*WHAT THE TASK REQUIRES*. Repeat the records below exactly from the line containing "Contento y orgulloso" to the line containing "2. 차량 등록증이나", taking in both of those lines. Drop the pictures.

Data items:
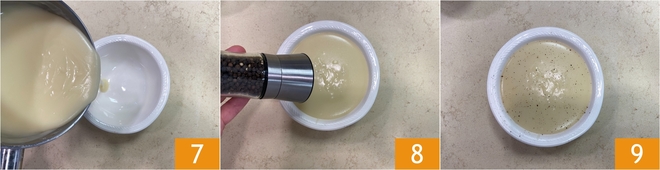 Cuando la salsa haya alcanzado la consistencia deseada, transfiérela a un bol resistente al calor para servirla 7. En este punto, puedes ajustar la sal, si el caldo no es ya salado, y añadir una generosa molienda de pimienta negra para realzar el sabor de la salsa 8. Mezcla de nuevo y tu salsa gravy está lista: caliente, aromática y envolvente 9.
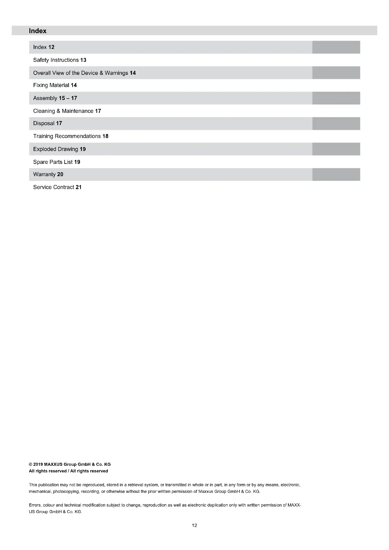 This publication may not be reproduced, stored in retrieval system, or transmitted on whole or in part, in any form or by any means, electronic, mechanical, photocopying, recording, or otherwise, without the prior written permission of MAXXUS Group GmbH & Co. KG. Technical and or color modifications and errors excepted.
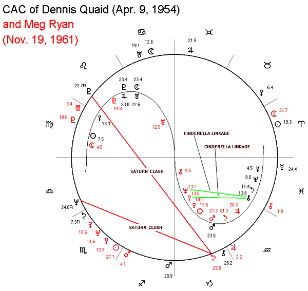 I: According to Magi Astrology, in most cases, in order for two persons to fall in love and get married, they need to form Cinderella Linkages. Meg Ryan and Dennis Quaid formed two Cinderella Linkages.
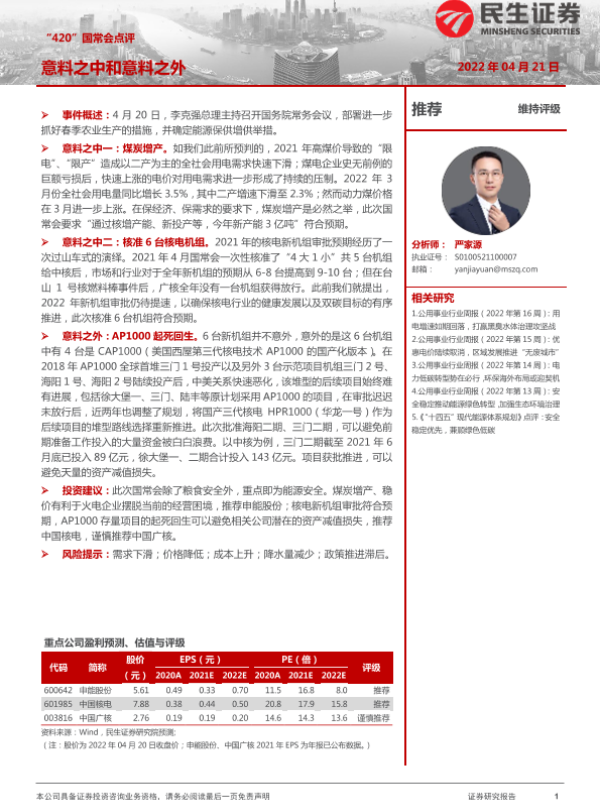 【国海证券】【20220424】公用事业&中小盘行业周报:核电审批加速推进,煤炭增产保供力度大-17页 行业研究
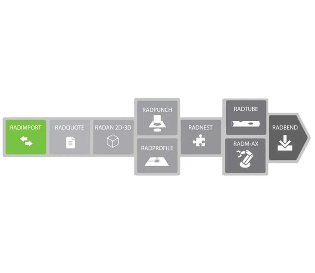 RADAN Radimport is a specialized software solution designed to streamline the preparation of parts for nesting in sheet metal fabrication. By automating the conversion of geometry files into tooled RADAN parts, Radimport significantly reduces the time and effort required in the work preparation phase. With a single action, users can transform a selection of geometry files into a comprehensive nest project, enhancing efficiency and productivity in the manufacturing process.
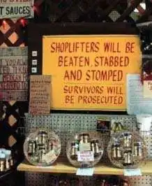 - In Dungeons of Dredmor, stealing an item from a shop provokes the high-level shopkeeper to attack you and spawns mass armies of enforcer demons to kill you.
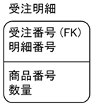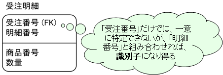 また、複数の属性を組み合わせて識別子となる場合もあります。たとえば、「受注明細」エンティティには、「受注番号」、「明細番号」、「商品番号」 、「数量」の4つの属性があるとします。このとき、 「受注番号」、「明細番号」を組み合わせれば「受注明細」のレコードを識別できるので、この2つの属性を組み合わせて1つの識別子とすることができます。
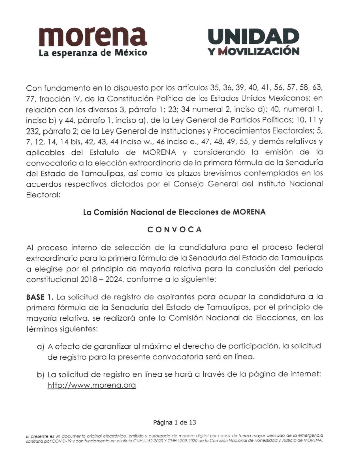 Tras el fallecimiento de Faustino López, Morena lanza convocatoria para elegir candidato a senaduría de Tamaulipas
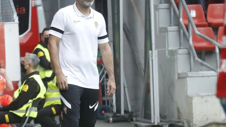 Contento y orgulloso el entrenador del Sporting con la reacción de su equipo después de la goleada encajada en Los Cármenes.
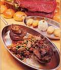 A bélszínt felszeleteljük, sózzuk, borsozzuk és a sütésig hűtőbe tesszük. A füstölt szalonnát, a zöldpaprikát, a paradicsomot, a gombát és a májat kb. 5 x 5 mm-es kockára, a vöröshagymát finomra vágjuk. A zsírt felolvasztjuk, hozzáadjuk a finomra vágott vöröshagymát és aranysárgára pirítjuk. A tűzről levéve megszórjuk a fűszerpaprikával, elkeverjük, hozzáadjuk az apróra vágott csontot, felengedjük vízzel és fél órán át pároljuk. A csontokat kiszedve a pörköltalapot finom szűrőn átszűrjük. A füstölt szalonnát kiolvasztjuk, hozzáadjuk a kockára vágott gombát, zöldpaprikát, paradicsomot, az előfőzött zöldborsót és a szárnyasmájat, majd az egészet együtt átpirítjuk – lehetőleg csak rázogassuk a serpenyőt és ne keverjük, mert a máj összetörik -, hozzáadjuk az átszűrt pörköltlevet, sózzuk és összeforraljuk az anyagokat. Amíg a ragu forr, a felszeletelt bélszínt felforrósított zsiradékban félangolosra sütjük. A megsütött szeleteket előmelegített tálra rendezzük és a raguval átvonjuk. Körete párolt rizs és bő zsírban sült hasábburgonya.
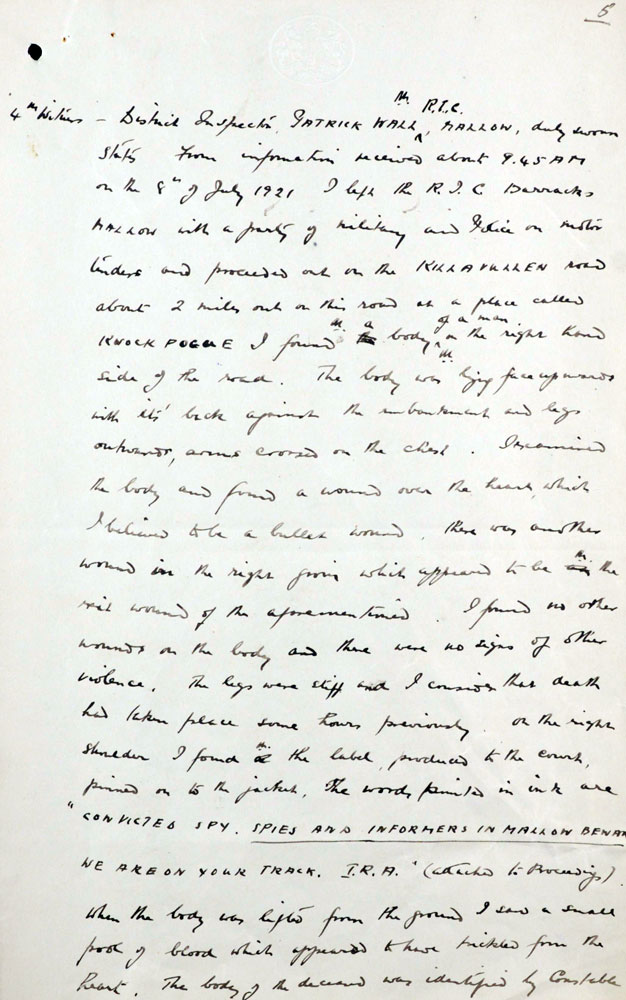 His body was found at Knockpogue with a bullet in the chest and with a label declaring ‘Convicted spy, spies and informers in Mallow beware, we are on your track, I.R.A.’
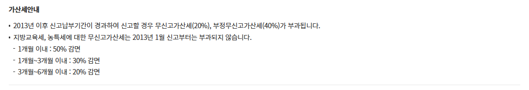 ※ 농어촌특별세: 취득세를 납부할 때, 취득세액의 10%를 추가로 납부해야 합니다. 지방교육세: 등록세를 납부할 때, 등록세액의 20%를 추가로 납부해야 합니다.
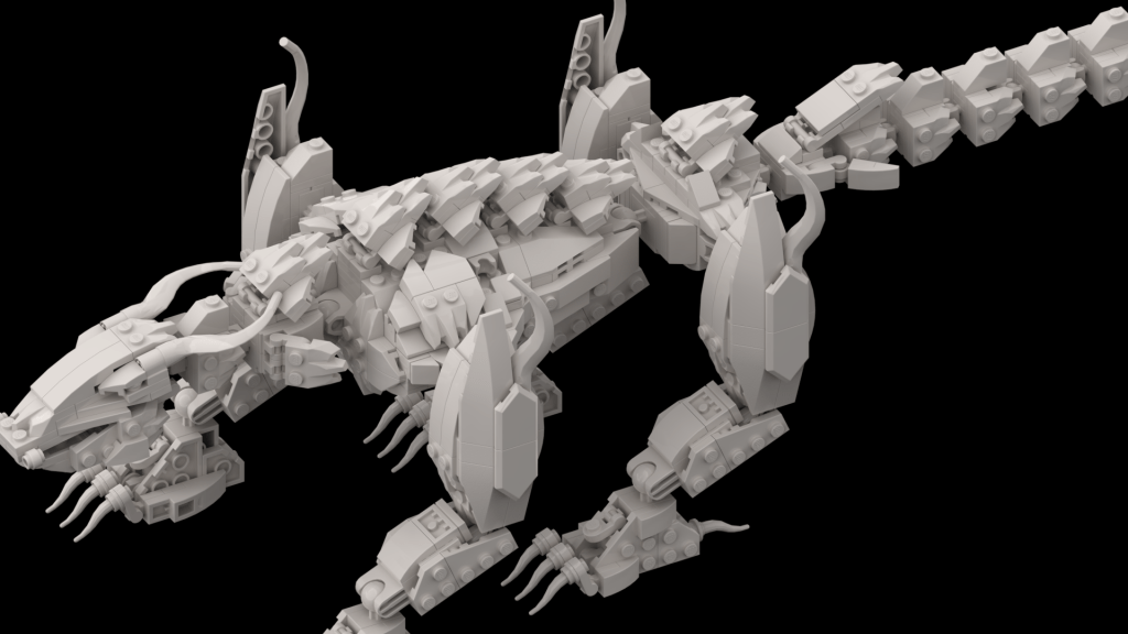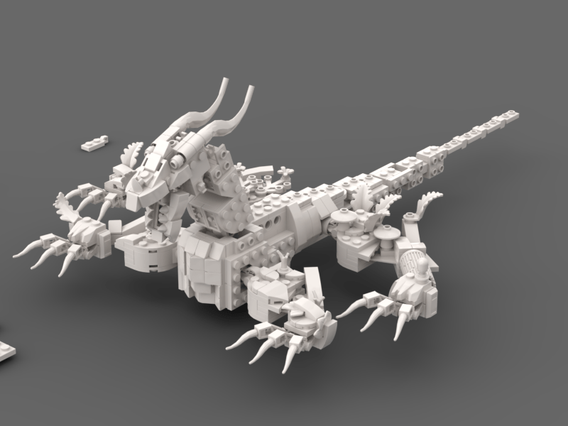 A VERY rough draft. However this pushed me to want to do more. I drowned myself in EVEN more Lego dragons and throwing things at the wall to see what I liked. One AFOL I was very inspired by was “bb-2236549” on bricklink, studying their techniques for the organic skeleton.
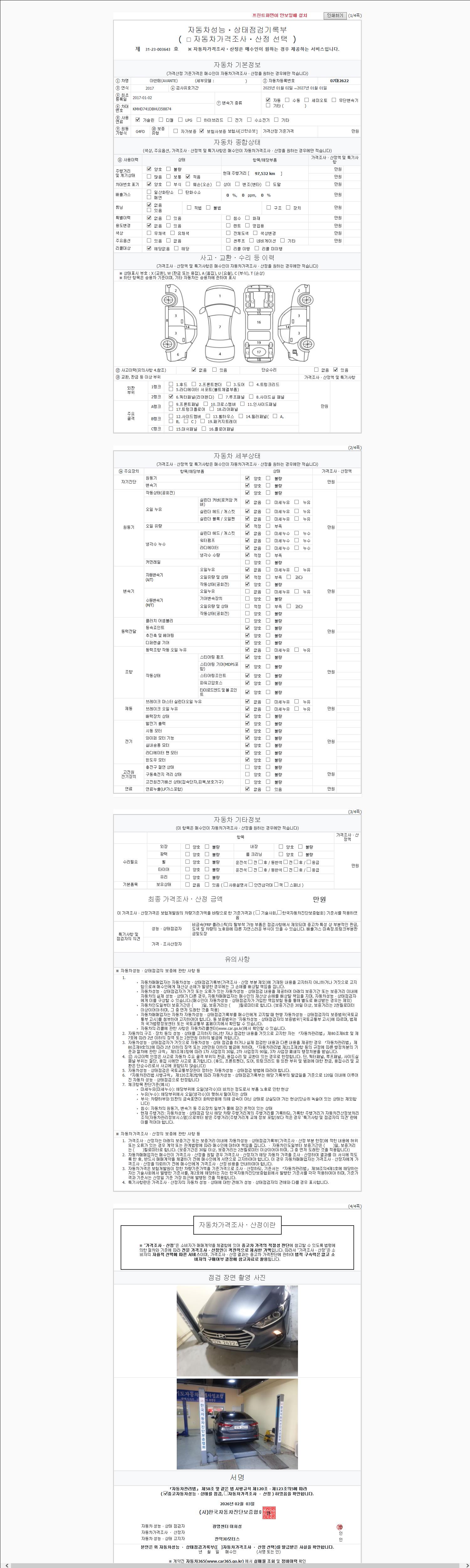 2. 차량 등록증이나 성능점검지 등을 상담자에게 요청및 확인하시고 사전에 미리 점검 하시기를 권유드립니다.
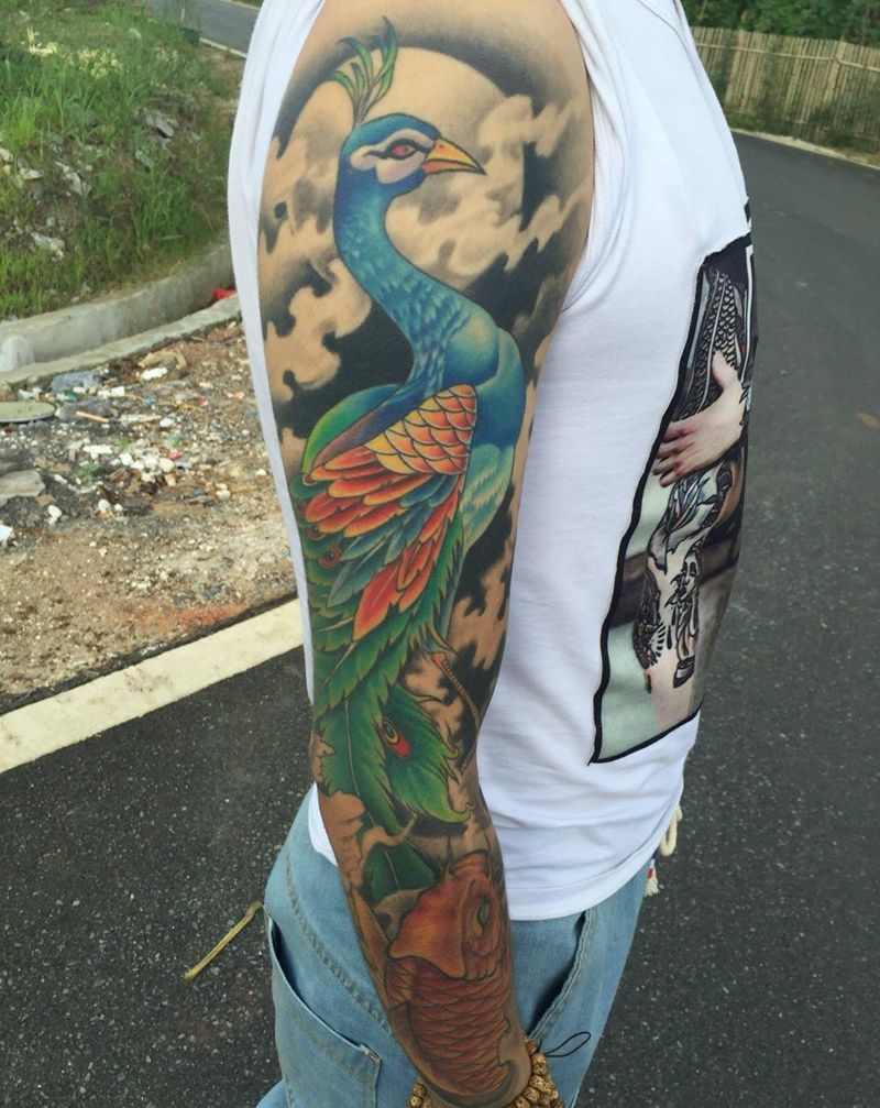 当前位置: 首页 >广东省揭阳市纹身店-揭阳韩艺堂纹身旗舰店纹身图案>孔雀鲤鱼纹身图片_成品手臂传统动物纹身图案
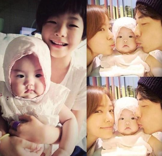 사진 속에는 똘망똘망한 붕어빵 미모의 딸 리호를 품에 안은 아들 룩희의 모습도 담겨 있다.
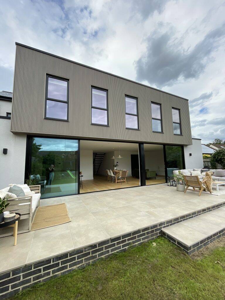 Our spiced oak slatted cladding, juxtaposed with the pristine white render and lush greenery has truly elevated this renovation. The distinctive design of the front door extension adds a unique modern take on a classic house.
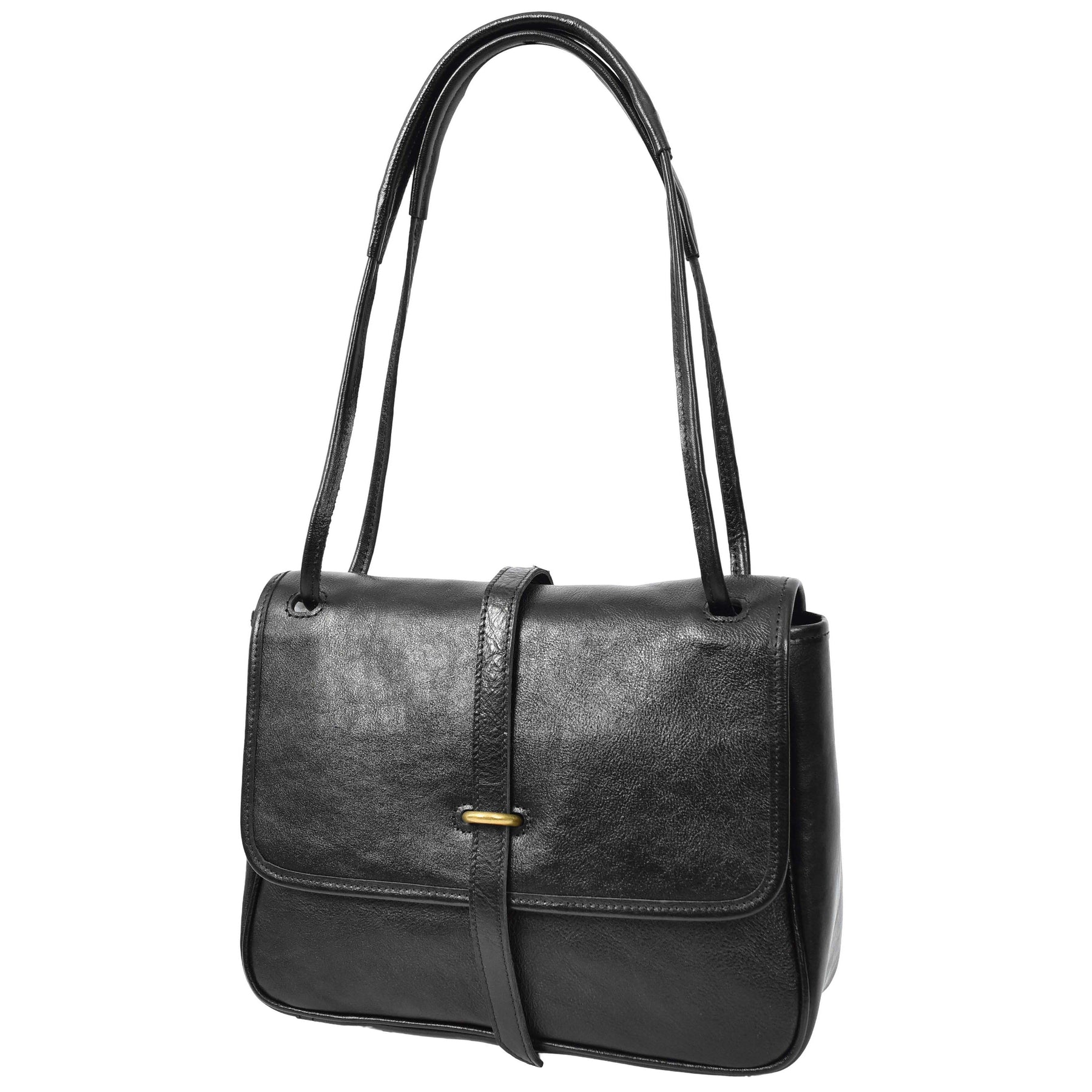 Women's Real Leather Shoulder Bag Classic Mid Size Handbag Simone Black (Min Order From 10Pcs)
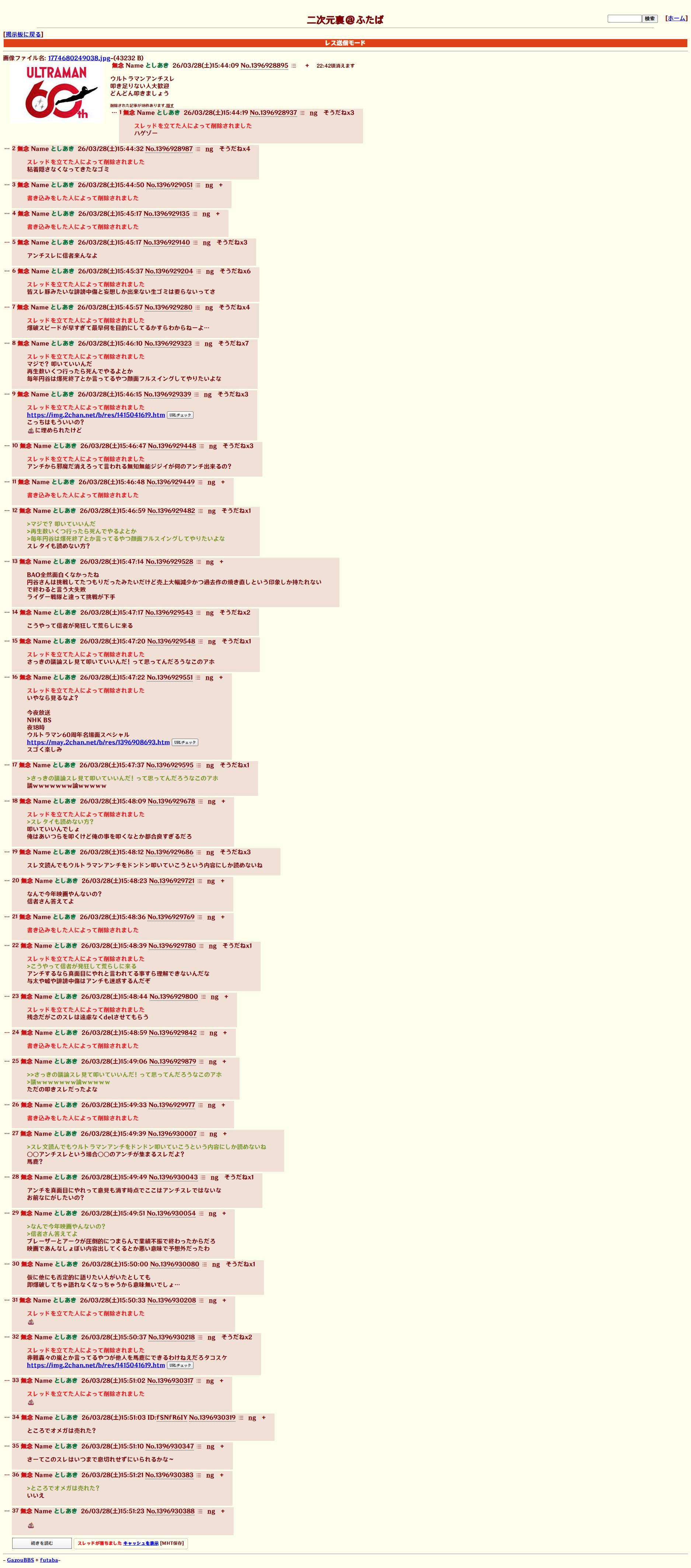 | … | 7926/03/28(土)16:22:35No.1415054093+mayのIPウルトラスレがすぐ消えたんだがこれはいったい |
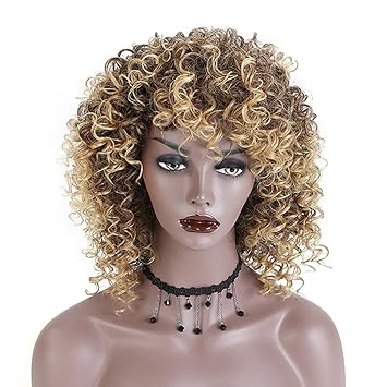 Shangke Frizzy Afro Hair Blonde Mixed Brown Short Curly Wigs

*WORKED SOLUTION*.
 Contento y orgulloso el entrenador del Sporting con la reacción de su equipo después de la goleada encajada en Los Cármenes.
 A bélszínt felszeleteljük, sózzuk, borsozzuk és a sütésig hűtőbe tesszük. A füstölt szalonnát, a zöldpaprikát, a paradicsomot, a gombát és a májat kb. 5 x 5 mm-es kockára, a vöröshagymát finomra vágjuk. A zsírt felolvasztjuk, hozzáadjuk a finomra vágott vöröshagymát és aranysárgára pirítjuk. A tűzről levéve megszórjuk a fűszerpaprikával, elkeverjük, hozzáadjuk az apróra vágott csontot, felengedjük vízzel és fél órán át pároljuk. A csontokat kiszedve a pörköltalapot finom szűrőn átszűrjük. A füstölt szalonnát kiolvasztjuk, hozzáadjuk a kockára vágott gombát, zöldpaprikát, paradicsomot, az előfőzött zöldborsót és a szárnyasmájat, majd az egészet együtt átpirítjuk – lehetőleg csak rázogassuk a serpenyőt és ne keverjük, mert a máj összetörik -, hozzáadjuk az átszűrt pörköltlevet, sózzuk és összeforraljuk az anyagokat. Amíg a ragu forr, a felszeletelt bélszínt felforrósított zsiradékban félangolosra sütjük. A megsütött szeleteket előmelegített tálra rendezzük és a raguval átvonjuk. Körete párolt rizs és bő zsírban sült hasábburgonya.
 His body was found at Knockpogue with a bullet in the chest and with a label declaring ‘Convicted spy, spies and informers in Mallow beware, we are on your track, I.R.A.’
 ※ 농어촌특별세: 취득세를 납부할 때, 취득세액의 10%를 추가로 납부해야 합니다. 지방교육세: 등록세를 납부할 때, 등록세액의 20%를 추가로 납부해야 합니다.
 A VERY rough draft. However this pushed me to want to do more. I drowned myself in EVEN more Lego dragons and throwing things at the wall to see what I liked. One AFOL I was very inspired by was “bb-2236549” on bricklink, studying their techniques for the organic skeleton.
 2. 차량 등록증이나 성능점검지 등을 상담자에게 요청및 확인하시고 사전에 미리 점검 하시기를 권유드립니다.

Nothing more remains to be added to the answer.